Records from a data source
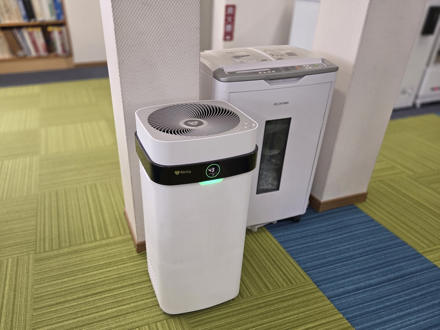 各フロアにアルコールスプレーを準備し、事務所や応接室にはエアドックを設置しています。
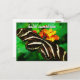 "Olá, Sunshine." Uma foto de perto de uma delicada borboleta listrada, preta e branca em uma flor laranja e amarela. Sinta o sol de um dia quente e ensolarado sempre que você envia este cartão-postal colorido e atordoante. Faz um presente de excelente para alguém especial!
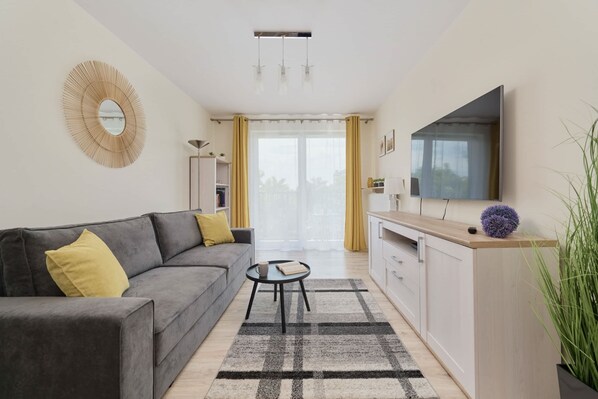 The interior is decorated in light shades. It is an excellent choice for anyone who appreciates comfort and functionality, but also aesthetics. The comfort of your stay is ensured by many amenities such as WiFi, a flat-screen TV and the necessary kitchen and bathroom equipment. The fully equipped kitchen offers all appliances for self-catering, such as an induction hob, oven, fridge, dishwasher and kettle. Guests also have access to a satellite TV and free Wi-Fi, as well as the necessary bathroom equipment (washing machine, hairdryer). Guests are provided with complimentary toiletries, towels and bed linen for a good start to their accommodation.
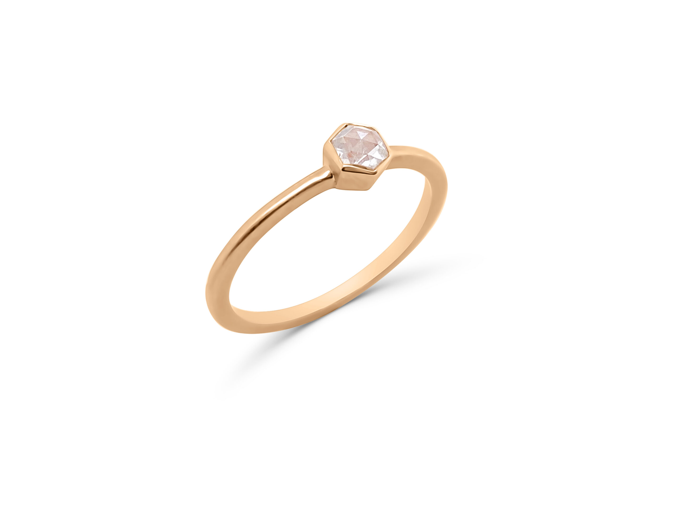 Octagon Rose Cut Diamond Ring crafted in 14 karat rose gold set with a octagon cut diamond totaling 0.17 carats. 14K Rose Gold Diamond Carat - 0.17ct Size - 5.5 (can be sized upon request with no additional fee) Total Weight - 1.4g
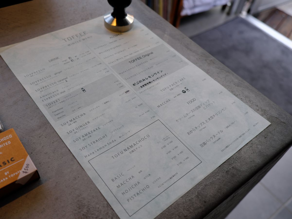 暑い季節には、豆腐ジェラートを使用したフラッペの「ソイート」や、八女市星野村の高級抹茶を使用したソイマッチャ、アルコールに合うフードの取り扱いもあるので、全メニューを制覇したくなります。
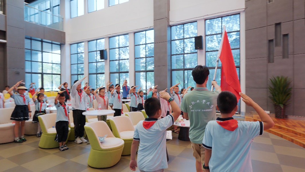 437ccm必赢国际版与共青团肥西县委深入贯彻落实习近平总书记关于青少年工作的重要讲话精神,共同推进“党、团、队”一体化育人。学院依托自身的专业特点和学科优势,成立了赴肥西“集光”社区少先队暑期社会实践营,开展暑期少先队活动,强化党、团、队的政治引领,旗帜鲜明培养共产主义接班人。
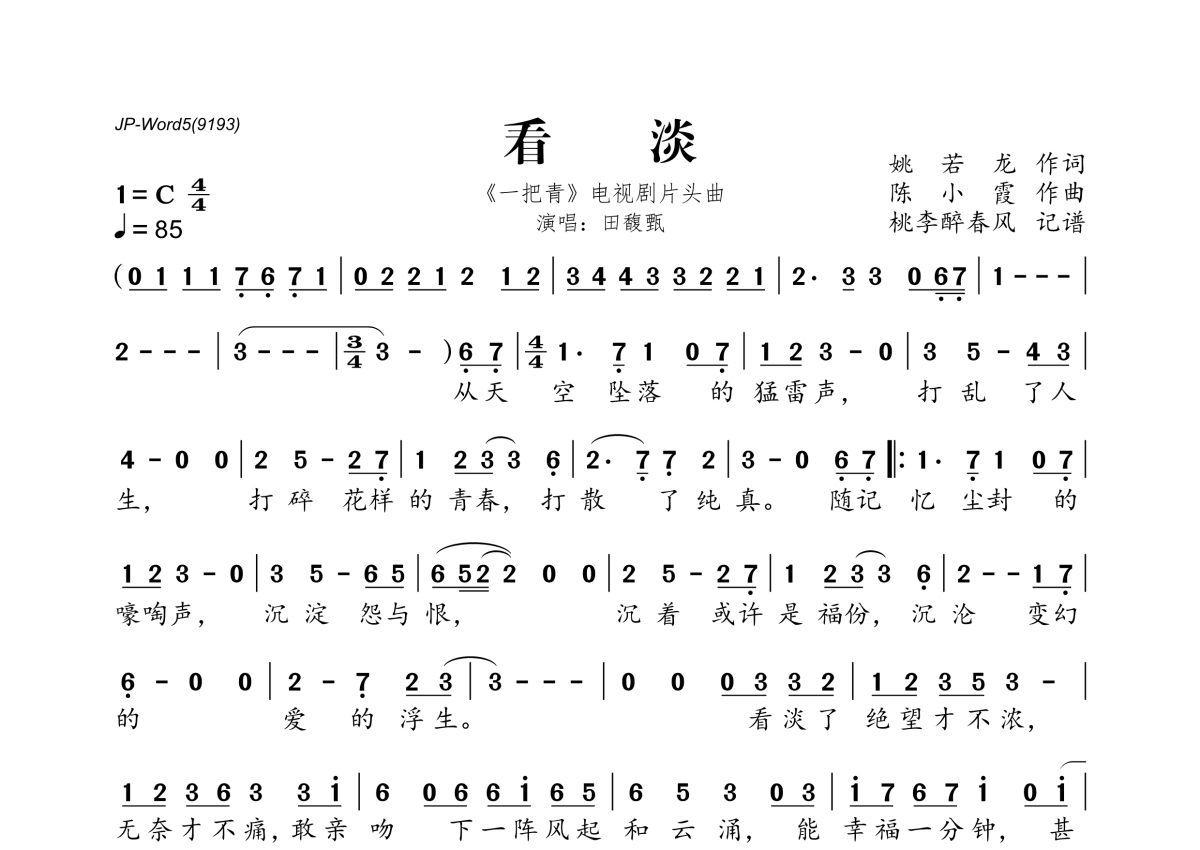 《看淡》是田馥甄演唱的一首歌曲,拍号为4/4拍,歌曲速度为每分钟85拍,这份简谱共有一张高清图谱,图谱由 @桃李醉春风 编配上传。
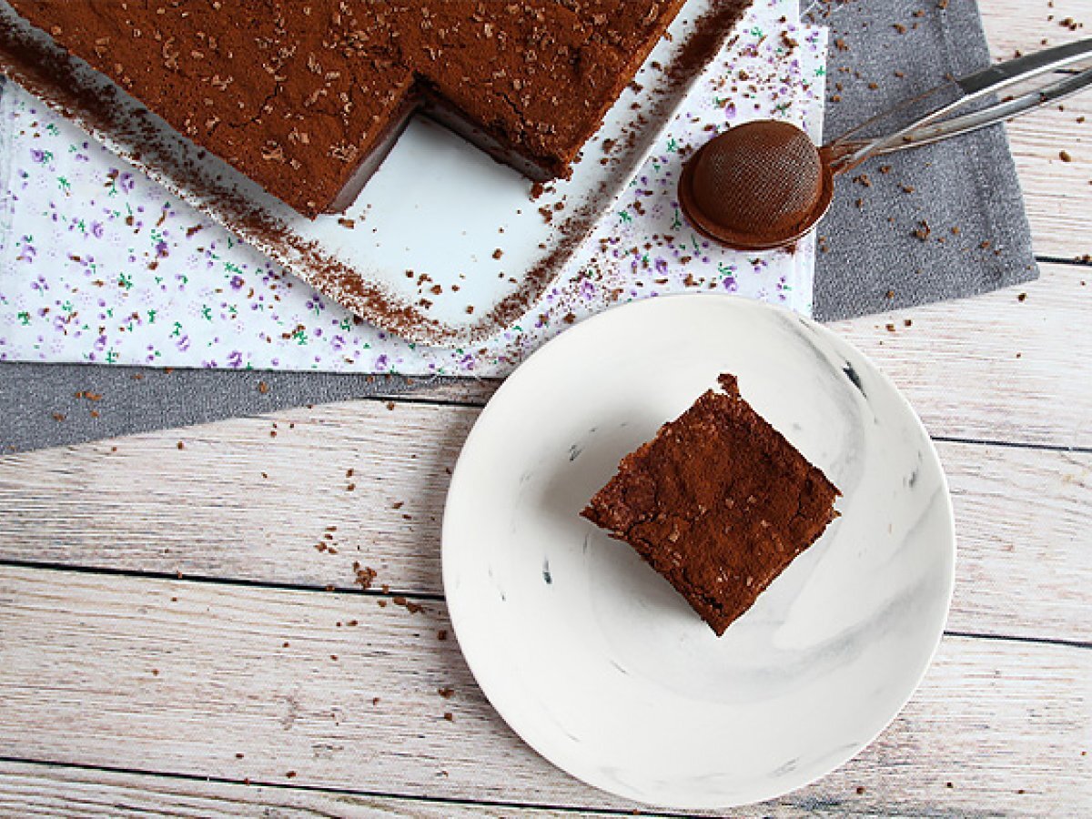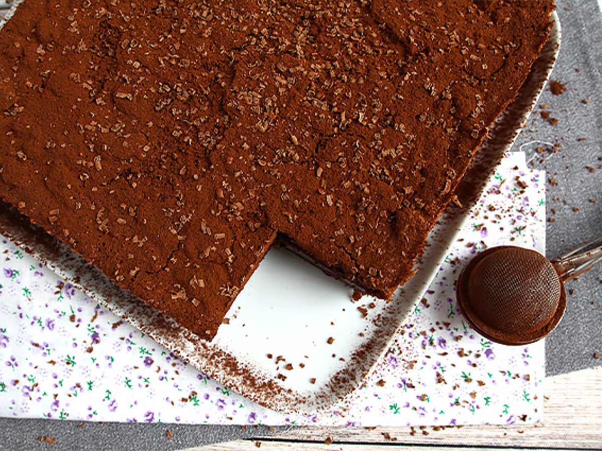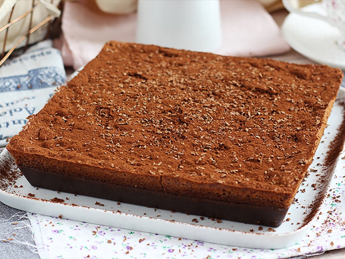 Los geht's, Ihr magischer Schokoladenkuchen ist fertig! Streuen Sie wie wir Kakao darüber und raspeln Sie die Schokolade oder streuen Sie zum Dekorieren sie mit Puderzucker.
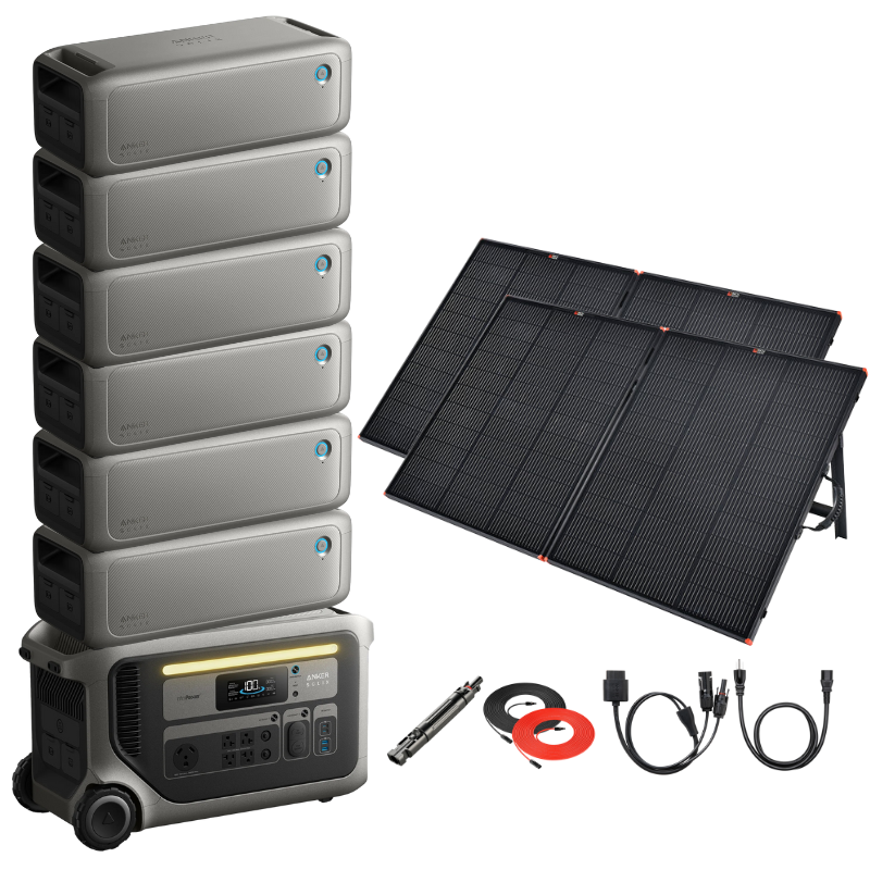 The Anker SOLIX F3000 Off-Grid Power Kit delivers a powerful, expandable, and complete energy solution for off-grid setups, mobile living, and emergency home backup. At its core is the Anker SOLIX F3000 Portable Power Station, backed by your choice of solar panel configuration and up to six expansion batteries. Every kit includes key accessories like the RICH SOLAR Inline Fuse Holder and 30FT solar extension cable, ensuring a safe, plug-and-play experience from day one. Whether you're off the grid or preparing for the unexpected, this kit has everything you need to generate, store, and manage power—reliably and efficiently.
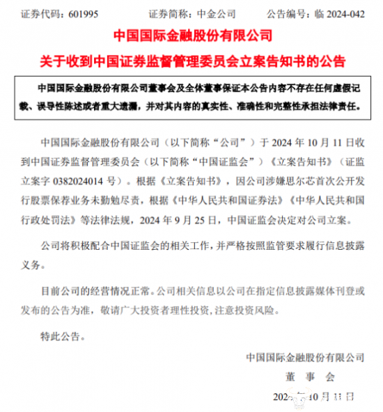 中国国际金融股份有限公司于10月11日,在上海证券交易所发布公告显示,其收到了中国证券监督管理委员会的《立案告知书》。具体内容为,中金公司于9月25日被中国证监会立案,原因是公司涉嫌思尔芯首次公开发行股票保荐业务未勤勉尽责。
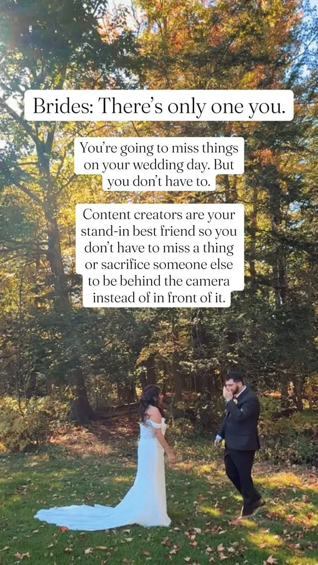 I’m a Buffalo-based wedding content creator who specializes in capturing the magic you didn’t know you’d miss. And then getting it to you super fast (like sneak peeks before the reception ends)…
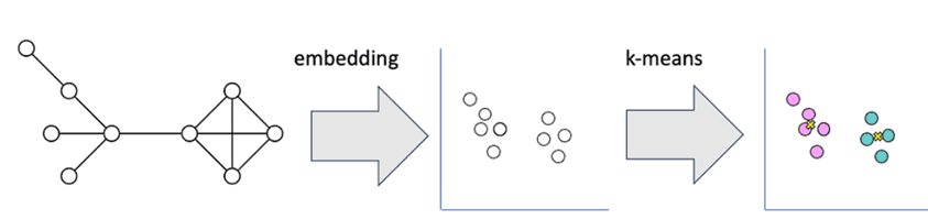 Чтобы использовать алгоритм k-means для данных графа, нужно представить его топологию в векторном пространстве. Это можно сделать, применив алгоритм внедрения узлов, например, Fast Random Projection, чтобы выразить положение каждого узла в графе в виде вектора. Затем можно рассчитать расстояние между каждым вектором и центроидами кластера, используя евклидово расстояние. Этап внедрения усложняет модель и ухудшает ее интерпретируемость (объяснимость).
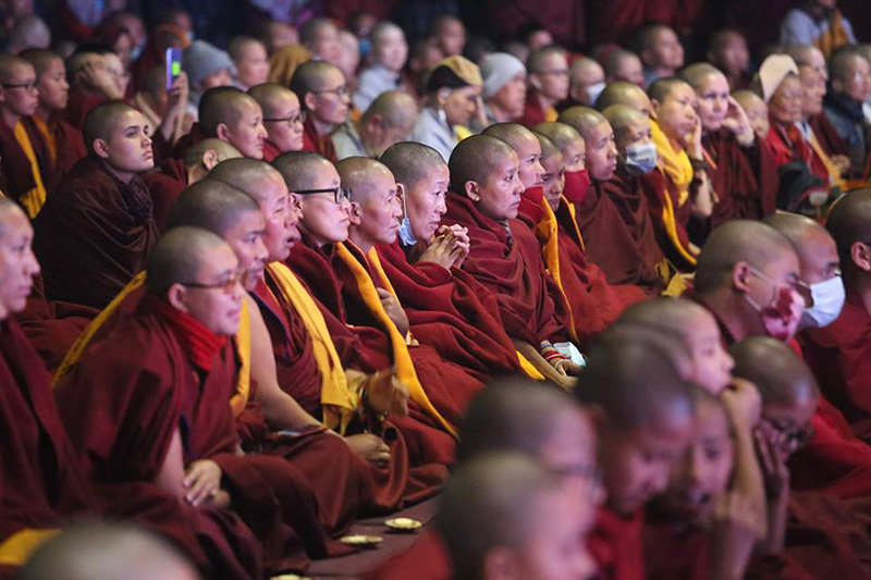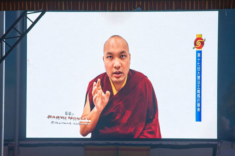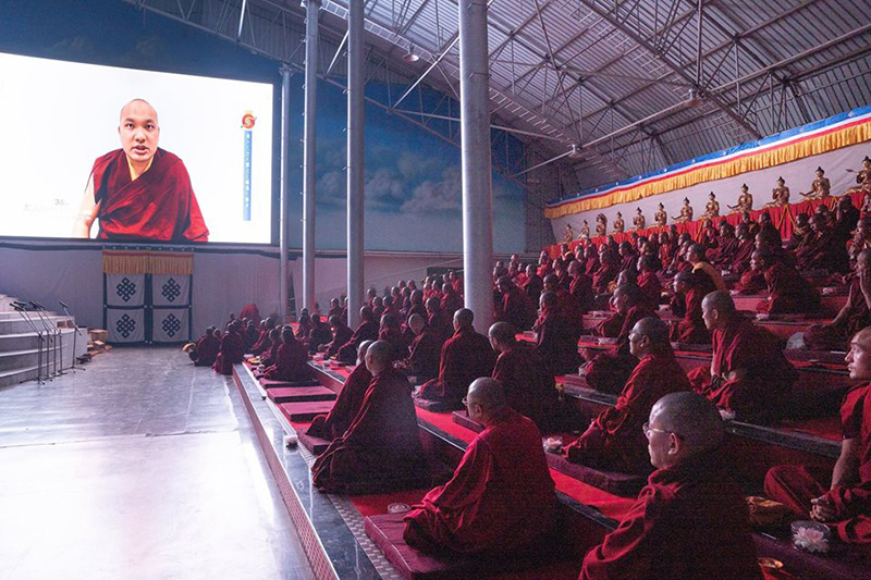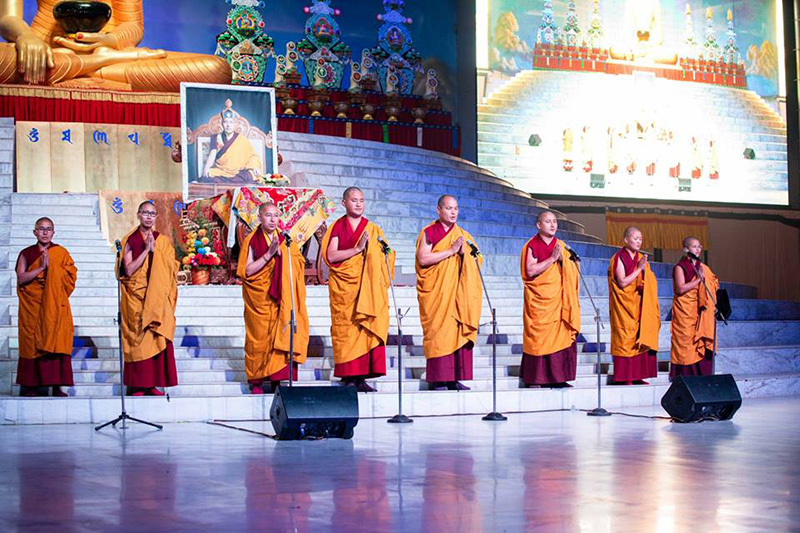 ༡༡༽ སྒྲུབ་སྡེ་ཆོས་ཀྱི་དཔལ་མོའི་ལྡིང་ཁང་གི་བཙུན་མ་རྣམས་དང་ཁྲ་འགུ་བཛྲ་བི་དྱཱའི་གཙུག་ལག་སློབ་གཉེར་ཁང་གི་དགེ་འདུན་ཐུན་མོང་ ནས་དཔལ་༸རྒྱལ་དབང་ཀརྨ་པ་མཆོག་ནས་མཛད་པའི་རབ་དགའི་སྨོན་ལམ་གྱི་སྨོན་ཚིག་དེ་བཞིན་སྙན་འཇེབས་ལྡན་པའི་དབྱངས་ཀྱི་སྒོ་ནས་ འདུས་པ་ཡོངས་ལ་གཟིགས་འབུལ་ཞུ་བཞིན་པ།

Exercise goal: When copying the entries above, keep each word as it is and exclude any image.

Output below:
 各フロアにアルコールスプレーを準備し、事務所や応接室にはエアドックを設置しています。
 "Olá, Sunshine." Uma foto de perto de uma delicada borboleta listrada, preta e branca em uma flor laranja e amarela. Sinta o sol de um dia quente e ensolarado sempre que você envia este cartão-postal colorido e atordoante. Faz um presente de excelente para alguém especial!
 The interior is decorated in light shades. It is an excellent choice for anyone who appreciates comfort and functionality, but also aesthetics. The comfort of your stay is ensured by many amenities such as WiFi, a flat-screen TV and the necessary kitchen and bathroom equipment. The fully equipped kitchen offers all appliances for self-catering, such as an induction hob, oven, fridge, dishwasher and kettle. Guests also have access to a satellite TV and free Wi-Fi, as well as the necessary bathroom equipment (washing machine, hairdryer). Guests are provided with complimentary toiletries, towels and bed linen for a good start to their accommodation.
 Octagon Rose Cut Diamond Ring crafted in 14 karat rose gold set with a octagon cut diamond totaling 0.17 carats. 14K Rose Gold Diamond Carat - 0.17ct Size - 5.5 (can be sized upon request with no additional fee) Total Weight - 1.4g
 暑い季節には、豆腐ジェラートを使用したフラッペの「ソイート」や、八女市星野村の高級抹茶を使用したソイマッチャ、アルコールに合うフードの取り扱いもあるので、全メニューを制覇したくなります。
 437ccm必赢国际版与共青团肥西县委深入贯彻落实习近平总书记关于青少年工作的重要讲话精神,共同推进“党、团、队”一体化育人。学院依托自身的专业特点和学科优势,成立了赴肥西“集光”社区少先队暑期社会实践营,开展暑期少先队活动,强化党、团、队的政治引领,旗帜鲜明培养共产主义接班人。
 《看淡》是田馥甄演唱的一首歌曲,拍号为4/4拍,歌曲速度为每分钟85拍,这份简谱共有一张高清图谱,图谱由 @桃李醉春风 编配上传。
 Los geht's, Ihr magischer Schokoladenkuchen ist fertig! Streuen Sie wie wir Kakao darüber und raspeln Sie die Schokolade oder streuen Sie zum Dekorieren sie mit Puderzucker.
 The Anker SOLIX F3000 Off-Grid Power Kit delivers a powerful, expandable, and complete energy solution for off-grid setups, mobile living, and emergency home backup. At its core is the Anker SOLIX F3000 Portable Power Station, backed by your choice of solar panel configuration and up to six expansion batteries. Every kit includes key accessories like the RICH SOLAR Inline Fuse Holder and 30FT solar extension cable, ensuring a safe, plug-and-play experience from day one. Whether you're off the grid or preparing for the unexpected, this kit has everything you need to generate, store, and manage power—reliably and efficiently.
 中国国际金融股份有限公司于10月11日,在上海证券交易所发布公告显示,其收到了中国证券监督管理委员会的《立案告知书》。具体内容为,中金公司于9月25日被中国证监会立案,原因是公司涉嫌思尔芯首次公开发行股票保荐业务未勤勉尽责。
 I’m a Buffalo-based wedding content creator who specializes in capturing the magic you didn’t know you’d miss. And then getting it to you super fast (like sneak peeks before the reception ends)…
 Чтобы использовать алгоритм k-means для данных графа, нужно представить его топологию в векторном пространстве. Это можно сделать, применив алгоритм внедрения узлов, например, Fast Random Projection, чтобы выразить положение каждого узла в графе в виде вектора. Затем можно рассчитать расстояние между каждым вектором и центроидами кластера, используя евклидово расстояние. Этап внедрения усложняет модель и ухудшает ее интерпретируемость (объяснимость).
 ༡༡༽ སྒྲུབ་སྡེ་ཆོས་ཀྱི་དཔལ་མོའི་ལྡིང་ཁང་གི་བཙུན་མ་རྣམས་དང་ཁྲ་འགུ་བཛྲ་བི་དྱཱའི་གཙུག་ལག་སློབ་གཉེར་ཁང་གི་དགེ་འདུན་ཐུན་མོང་ ནས་དཔལ་༸རྒྱལ་དབང་ཀརྨ་པ་མཆོག་ནས་མཛད་པའི་རབ་དགའི་སྨོན་ལམ་གྱི་སྨོན་ཚིག་དེ་བཞིན་སྙན་འཇེབས་ལྡན་པའི་དབྱངས་ཀྱི་སྒོ་ནས་ འདུས་པ་ཡོངས་ལ་གཟིགས་འབུལ་ཞུ་བཞིན་པ།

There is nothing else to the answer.